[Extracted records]
*** Begin section ***
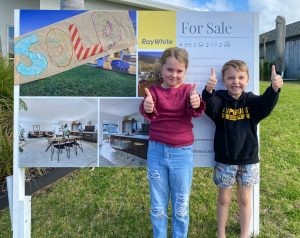 When Ray White Bream Bay salesperson James Alexander couldn’t get the sold sign to the property due to level 4 restrictions, the vendors’ children, Harper and Harry (pictured above), took matters into their own hands.
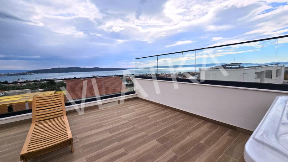 Iznajmljuje se moderno uređena kuća s bazenom i vrtom na mirnoj lokaciji u Kaštel Sućurcu, s pogledom na more.
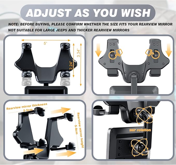 - 【ADJUSTABLE & STABLE】360-degree rotatable between horizontal and vertical screens at your will for a better viewing angle. The camera can be tilted up and down 130° with a 150° wide-angle lens to aim at the baby.The monitor bracket is firm, no need to worry about falling off during driving.
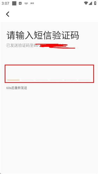 3、在輸入短信驗證碼頁面填寫收到的驗證碼,完成賬號的登錄操作。
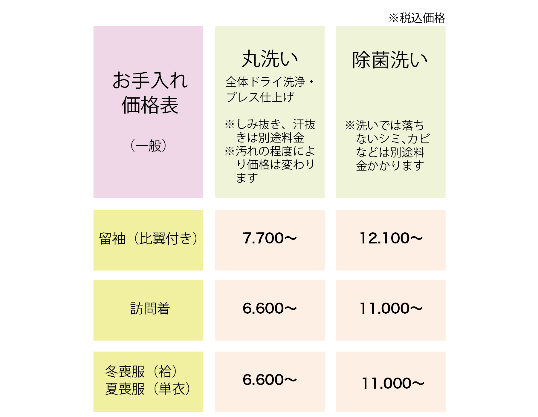 丸洗いの他、部分的なしみ抜き、プレス(しわのばし)も承ります
*** End section ***
Please return the lines above exactly, with the pictures omitted.

**Solution for this task:**
 When Ray White Bream Bay salesperson James Alexander couldn’t get the sold sign to the property due to level 4 restrictions, the vendors’ children, Harper and Harry (pictured above), took matters into their own hands.
 Iznajmljuje se moderno uređena kuća s bazenom i vrtom na mirnoj lokaciji u Kaštel Sućurcu, s pogledom na more.
 - 【ADJUSTABLE & STABLE】360-degree rotatable between horizontal and vertical screens at your will for a better viewing angle. The camera can be tilted up and down 130° with a 150° wide-angle lens to aim at the baby.The monitor bracket is firm, no need to worry about falling off during driving.
 3、在輸入短信驗證碼頁面填寫收到的驗證碼,完成賬號的登錄操作。
 丸洗いの他、部分的なしみ抜き、プレス(しわのばし)も承ります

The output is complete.